ADR-0012: Cluster Wide Custom Resources
Status: | OPEN |
Date: | 2022-06-17 |
Author(s): | Jannik Hollenbach jannik.hollenbach@iteratec.com, Max Maass max.maass@iteratec.com |
Context
Currently all custom resources for the secureCodeBox are isolated into the namespace they are installed from. If you start a scan of type nmap in namespace demo-one
you'll have to have the ScanType
(and the corresponding ParseDefinition
) nmap installed in demo-one
. This is usually not a big issue as installing a ScanType
is pretty easy (helm install nmap secureCodeBox/nmap --namespace demo-one
).
If you then want to start other scans for other targets you might want to create another namespace demo-two
. To run scans in demo-two
you'll also have to install nmap in that namespace.
Another (possibly even more annoying) scenario with the need to have the ScanType
s and ParseDefinition
s installed in every namespace is apparent when looking at the Kubernetes AutoDiscovery.

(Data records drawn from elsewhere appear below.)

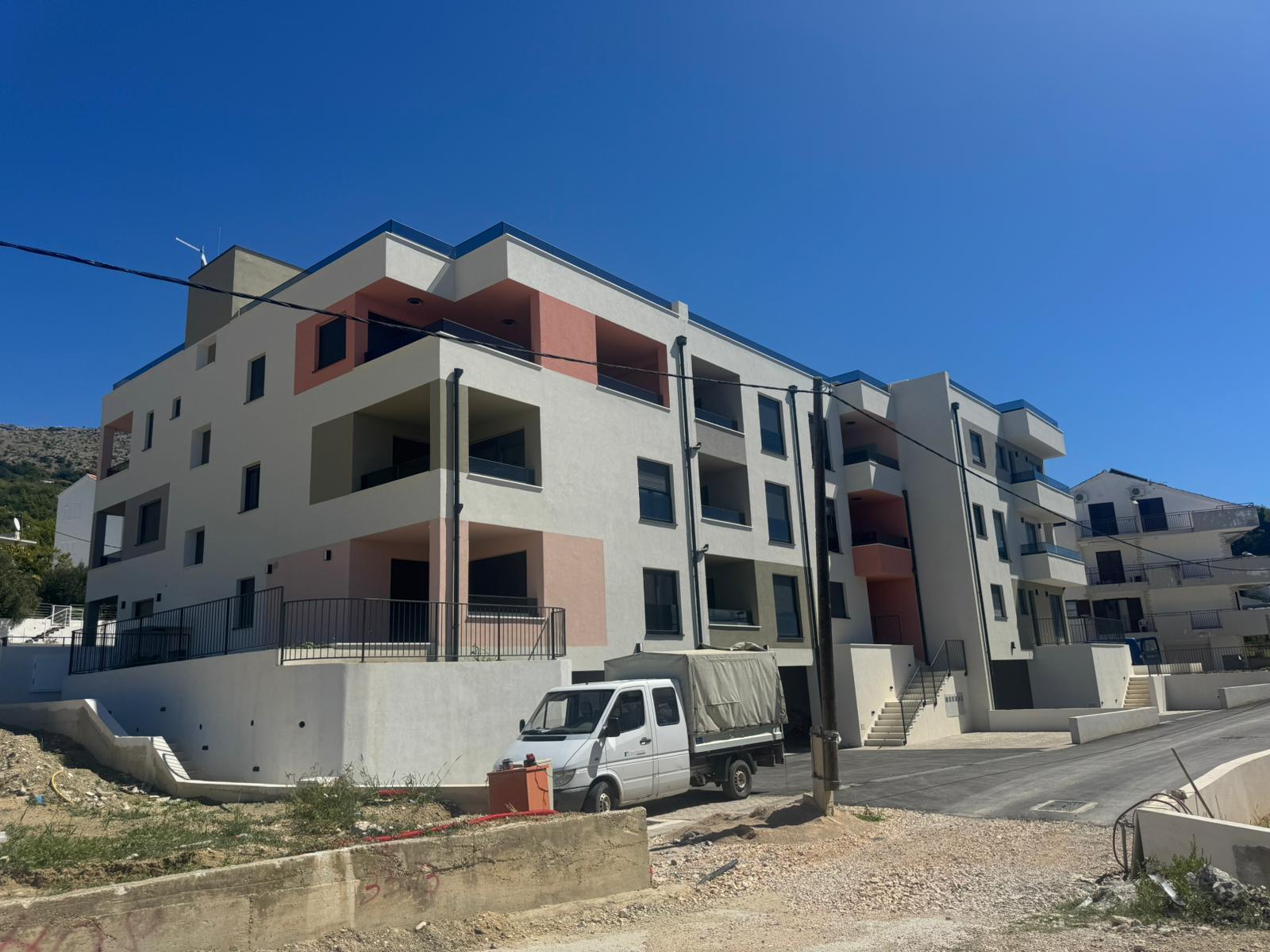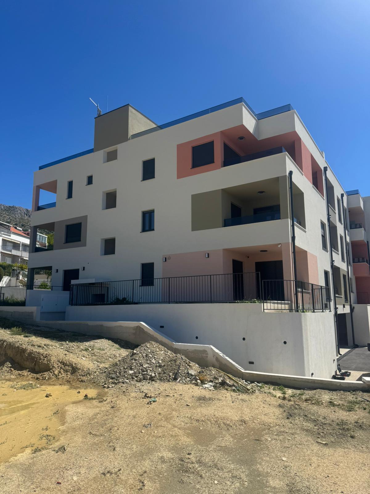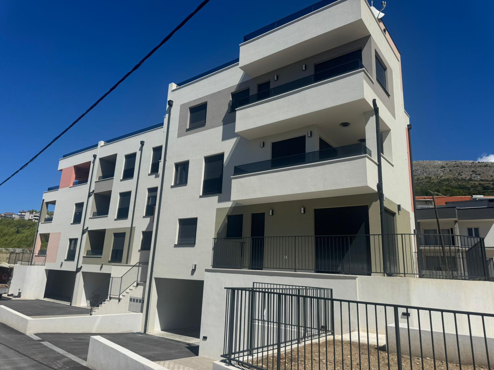 Tri stambene zgrade u nizu s po 5 stambenih jedinica (ukupno 15 stanova) u Podstrani, oko 500 m od obale i 10 min od Splita. Katnost: Po+P+2K.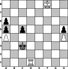Partie-Notation im PGN-Format [Event "Sommerlaune"] [Site "www.mySchach.de"] [Date "2009.07.15"] [Round "1"] [White "guinan"] [Black "espero"] [ECO "C00"] [WhitemyELO "1537"] [BlackmyELO "1681"] [Result "1-0"] [TimeControl "10/2592000"] [WhiteDays "129"] [BlackDays "139"] [MySchachNr "57532"] 1. e4 e6 2. d3 d5 3. Nd2 Nf6 4. f4 dxe4 5. dxe4 e5 6. f5 Bc5 7. Qf3 Nc6 8. c3 a6 9. Nb3 Ba7 10. Be3 Qe7 11. Bxa7 Nxa7 12. g4 h6 13. h4 Bd7 14. O-O-O Bc6 15. Bd3 O-O-O 16. Ne2 Nb5 17. g5 Rxd3 18. Qxd3 Nxe4 19. f6 gxf6 20. Na5 Nc5 21. Qh3+ Bd7 22. Qe3 b6 23. b4 bxa5 24. bxc5 Bc6 25. gxf6 Qe6 26. Qh3 Bxh1 27. Qxe6+ fxe6 28. Rxh1 Rf8 29. Rf1 Kd7 30. Kc2 Kc6 31. a4 Na7 32. Kd3 Kxc5 33. Ke4 Nc6 34. Nc1 Kd6 35. Nd3 h5 36. Nxe5 Nxe5 37. Rd1+ Kc5 38. Kxe5 Kc4 39. Kxe6 Kxc3 40. f7 c5 41. Ke7 Rh8 42. f8=Q Rxf8 43. Kxf8 1-0 Stellungs-Notation im FEN-Format 5K2/8/p7/p1p4p/P6P/2k5/8/3R4 - - - 0 43 Geschlagene Figuren Weiss: Geschlagene Figuren Schwarz: Klicken Sie auf eine geschlagene Figur um den gewünschten Zug darzustellen!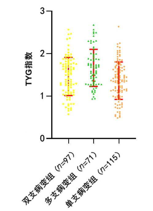 | 图 2 冠脉病变支数分组TYG指数分布散点柱状图 |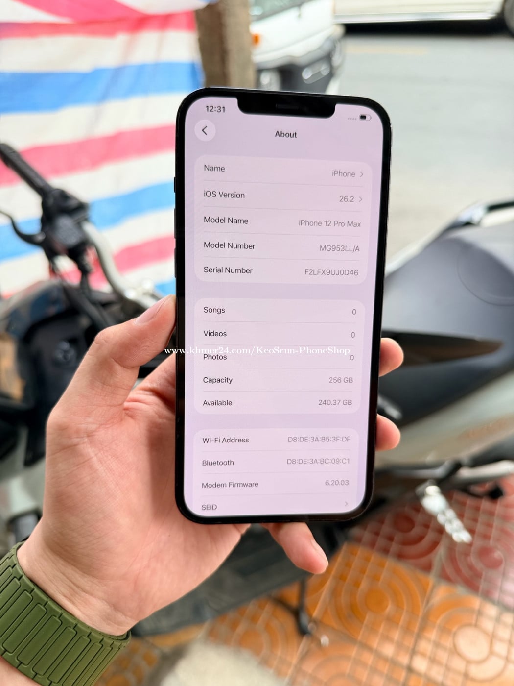 iPhone 12 Pro Max LL/A 256g ថ្ម83% សានុំណែន ស្ទេីរតួរខាងក្រោមដូចរូប តម្លៃ 350$ Telegram: 087233xxxClick To Call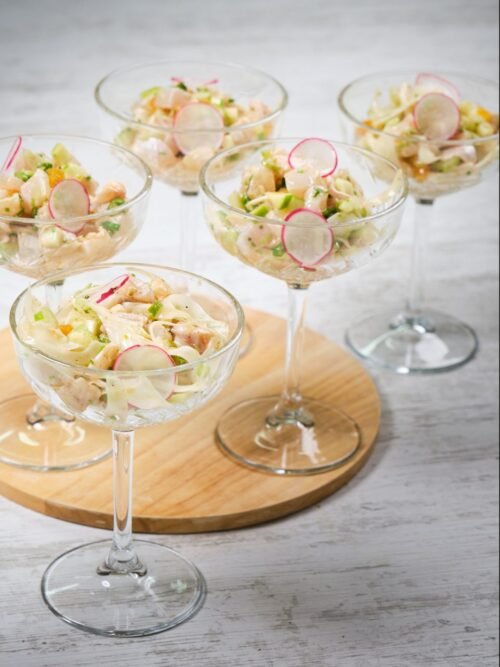 Sea Bass Ceviche salad with green apple and dry apricots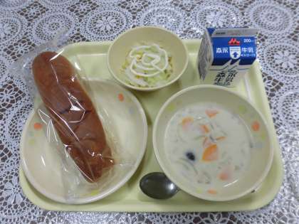 今日の給食メニューは、鮭のクリーム煮・キャベツとコーンのサラダ・黒糖パン・牛乳です。「鮭のクリーム煮」は、鮭と野菜をホワイトルウで煮込んでいます。ホワイトルウは、小麦粉・バターを炒めて、牛乳を入れて作り、とろみをつけています。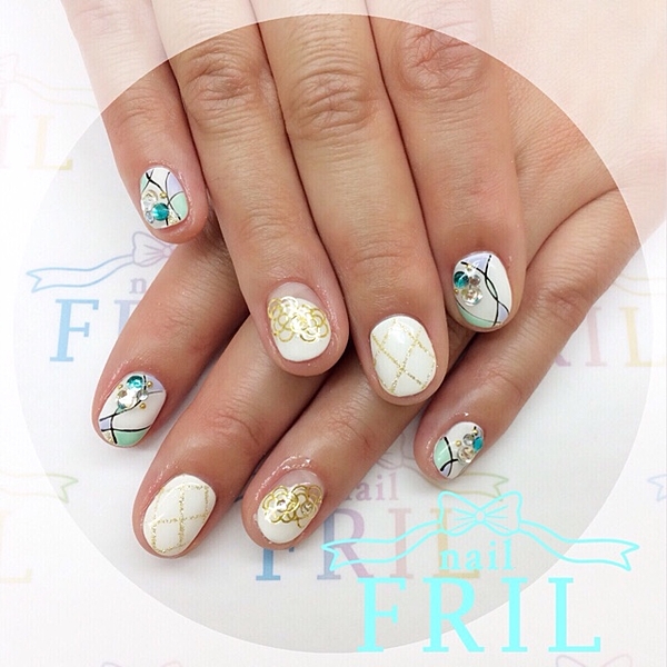 基本のホワイトのフレンチネイルも、細かいストーンなどを使用する事でとても華やかにまとめる事が出来ます。

The AutoDiscovery automatically starts scans for resources (e.g. a ZAP Scan for http service, trivy scans for container images) it discovers in the individual namespaces. At the moment this only works properly if the namespace where the resource was discovered in has the correct ScanType
installed.
Prior Art
The cert-manager project has a similar concept and has inspired part of the following document.
CertManager has two different Custom Resource Definitions
for issuers: Issuer
and ClusterIssuer
, with Issuer
being scoped to a single namespace and ClusterIssuer
being cluster-wide and available to every namespace in the cluster. See more on the cert-manager issuer docs: https://cert-manager.io/docs/concepts/issuer/
Assumptions
This proposal aims to provide a solution which makes the secureCodeBox easier to use both in single and multi-tenant cluster. For multi-tenant clusters, this proposal assumes that access to the cluster-wide custom resources, proposed in this ADR, is locked down to be only accessible by cluster admins and not by everybody.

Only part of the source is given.